Movie with Abe: The Beguiled

The Beguiled
Directed by Sofia Coppola
Released June 30, 2017 / October 10, 2017 (DVD)

Some directors churn out one film a year or even more frequently than that, and others take their time, waiting years between each project. The latter style tends to allow directors to establish styles and themes that become recognizable each time they make a film. Sofia Coppola is one such director, releasing her sixth feature film nineteen years after her debut. Her Oscar-winning “Lost in Translation” and the dreamlike “Somewhere” are particularly evocative of her unique cinematic touch. Her latest film, released just over three months ago in theaters and now already out on DVD, doesn’t measure up.
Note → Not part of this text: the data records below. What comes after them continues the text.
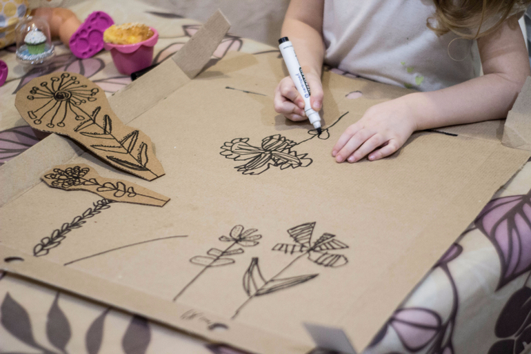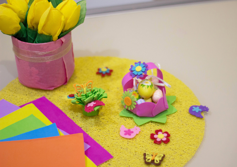 С алиэкспресс заказывала пенку для творчества, делали корзиночку из нее и полянку. Варя даже горячий пистолет освоила, сама клеила.
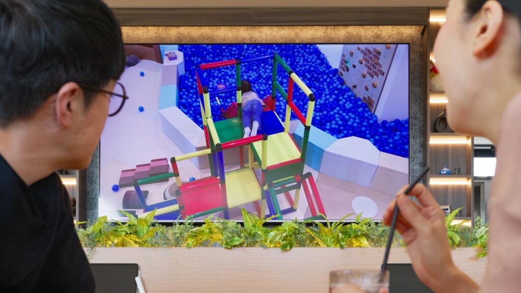 81FACTORY&CAFE 2F キッズカフェ大型ディスプレイにうつるキッズルーム
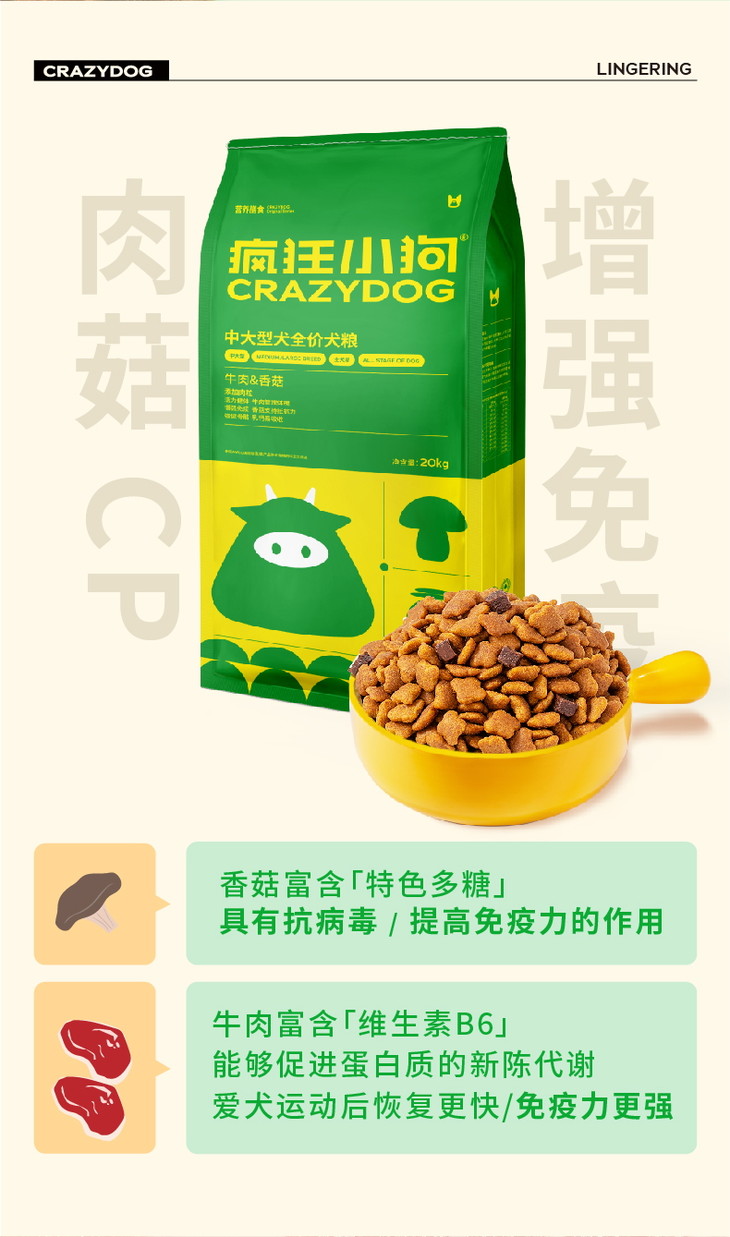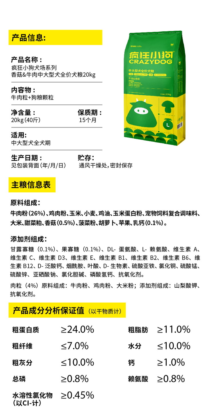 | 品牌: 疯狂小狗 | 品名: (中大型犬)成犬膳食配方 香菇牛排口味犬粮 20000g |

Martha Farnsworth (Nicole Kidman) runs a school for girls in Virginia in 1864 with the support of teacher Edwina Morrow (Kirsten Dunst). Only five students remain as the Civil War takes its toll on the country, and things become sufficiently more exciting when Union Corporal John McBurney (Colin Farrell) is discovered wounded in the woods by one of the students. As the Confederate army passes by their school repeatedly, the seven women nurse McBurney back to health. As he tries to seduce many of them, he sets his sights on Edwina, while Martha and the others realize that his temper and his need for dominance have no place in their home.

Considering the lavish set decoration and Oscar-winning costume design of the excessive “Marie Antoinette,” it would be fair to assume that Coppola would at least surround her story with dazzling imagery. Unfortunately, much of this film feels terribly ordinary and unspectacular. Its production values are unremarkable, and they do nothing to amplify a surprisingly simple and uncomplex story. There just isn’t all that much here, despite the fact that the novel that serves as this film’s source material was also adapted into a 1971 film starring Clint Eastwood.

Kidman and Farrell, who also appear together in this fall’s “The Killing of a Sacred Deer,” turn in mildly unengaged performances that feel like they could have been much better given previous turns. Dunst is strong, as is Coppola regular Elle Fanning. Yet no one in this small ensemble proves to be too memorable, and what could have been a rich, gloomy experience of isolation manages to be little more than a less than enthralling movie. The Cannes Film Festival awarded its prestigious Palme d’Or to Coppola for this film, but it’s hard to see why they saw fit to compare this to her other work.